#### [DIRECTIONS FOR THIS TASK]
Each line of data below must be printed exactly as written, with any pictures removed.

#### [GIVEN MATERIAL]
╭──
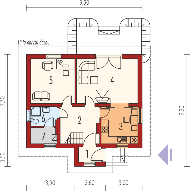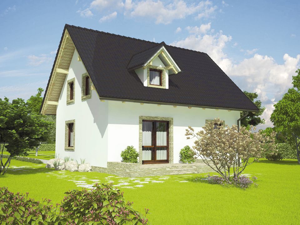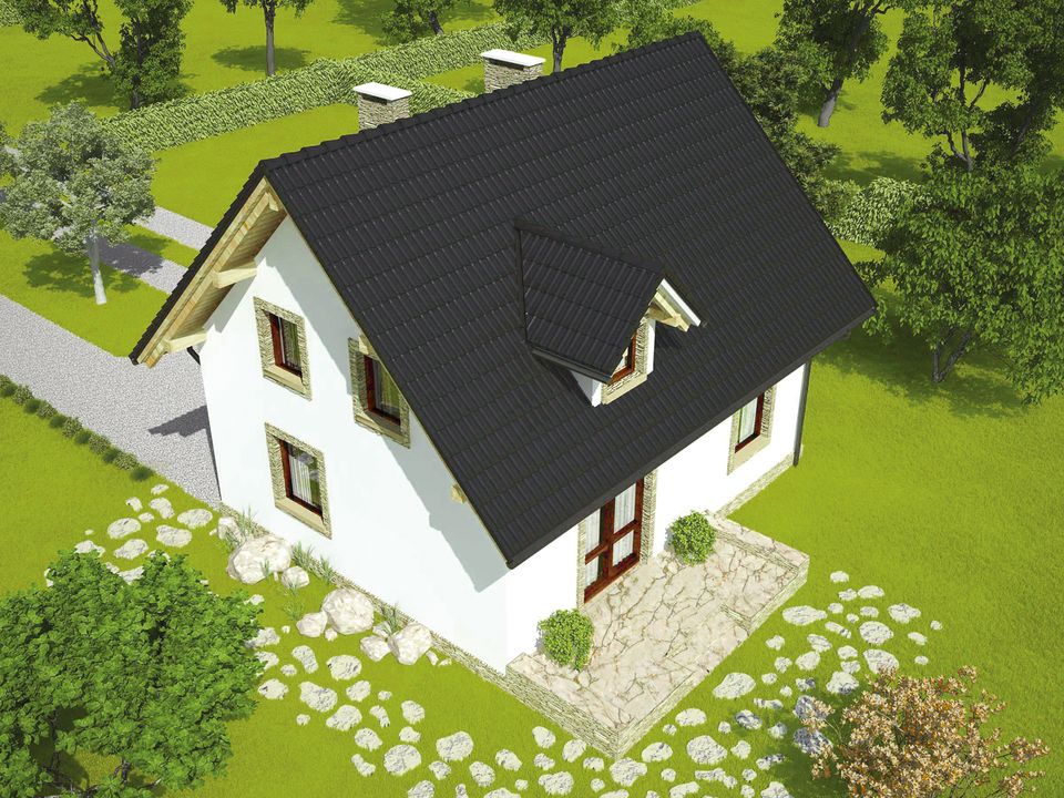 Graficzne opracowanie rzutów poglądowych widocznych na karcie projektu zostało wykonane przez Extradom.pl. Prezentowane przez Extradom.pl wizualizacje wykonane zostały przez autora projektu i należy poczytywać je jedynie za przykład i propozycję wykończenia, wizję architektoniczną autora projektu. Ostateczne wykończenie budynku może nastąpić na wiele sposobów. Szczegółowe rozwiązania zastosowane w oferowanej dokumentacji - w tym również ilość, lokalizacje i wygląd okien, drzwi, kominów - mogą w niewielkim stopniu różnić się od prezentowanej wizualizacji budynku.
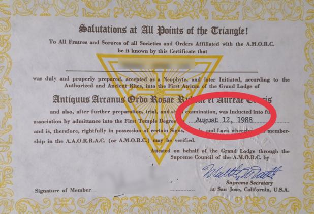 “1988 年我是玫瑰十字会兄弟、 1991 成为马丁会兄弟,两者和共济会乃至光明会属于同渊源传承,无法分开,无论传承、架构、仪式、气氛都差不多,我不是共济会成员,不过认识很多悉尼共济会兄弟,既被邀请进入过建筑内部,也被邀请过成为兄弟”。
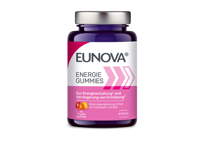 Als Eltern möchten Sie Ihren Kindern helfen, den Anforderungen im Alltag und in der Schule gerecht zu werden und ihre Träume zu erfüllen. Die leckeren EUNOVA® Schulhelden Gummies enthalten Vitamin B6, B12 und D, die zu einer normalen Funktion des Immunsystems beitragen sowie Eisen, das die kognitive Entwicklung von Kindern fördern kann. Außerdem helfen sie dabei, das Energie1- und Konzentrationslevel2 der ganzen Familie zu unterstützen. Mit Aroniabeeren-Extrakt und ohne künstliche Farbstoffe und Süßungsmittel eignen sich die EUNOVA® Schulhelden Gummies als Nahrungsergänzung, um die täglichen Herausforderungen zu meistern.
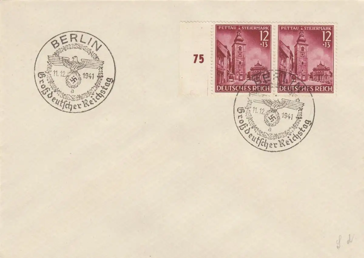 Blanko Sonderstempelbeleg 1941: Berlin: Großdeutscher Reichstag 11.12.1941
╰──
#### [SOLUTION]
 Graficzne opracowanie rzutów poglądowych widocznych na karcie projektu zostało wykonane przez Extradom.pl. Prezentowane przez Extradom.pl wizualizacje wykonane zostały przez autora projektu i należy poczytywać je jedynie za przykład i propozycję wykończenia, wizję architektoniczną autora projektu. Ostateczne wykończenie budynku może nastąpić na wiele sposobów. Szczegółowe rozwiązania zastosowane w oferowanej dokumentacji - w tym również ilość, lokalizacje i wygląd okien, drzwi, kominów - mogą w niewielkim stopniu różnić się od prezentowanej wizualizacji budynku.
 “1988 年我是玫瑰十字会兄弟、 1991 成为马丁会兄弟,两者和共济会乃至光明会属于同渊源传承,无法分开,无论传承、架构、仪式、气氛都差不多,我不是共济会成员,不过认识很多悉尼共济会兄弟,既被邀请进入过建筑内部,也被邀请过成为兄弟”。
 Als Eltern möchten Sie Ihren Kindern helfen, den Anforderungen im Alltag und in der Schule gerecht zu werden und ihre Träume zu erfüllen. Die leckeren EUNOVA® Schulhelden Gummies enthalten Vitamin B6, B12 und D, die zu einer normalen Funktion des Immunsystems beitragen sowie Eisen, das die kognitive Entwicklung von Kindern fördern kann. Außerdem helfen sie dabei, das Energie1- und Konzentrationslevel2 der ganzen Familie zu unterstützen. Mit Aroniabeeren-Extrakt und ohne künstliche Farbstoffe und Süßungsmittel eignen sich die EUNOVA® Schulhelden Gummies als Nahrungsergänzung, um die täglichen Herausforderungen zu meistern.
 Blanko Sonderstempelbeleg 1941: Berlin: Großdeutscher Reichstag 11.12.1941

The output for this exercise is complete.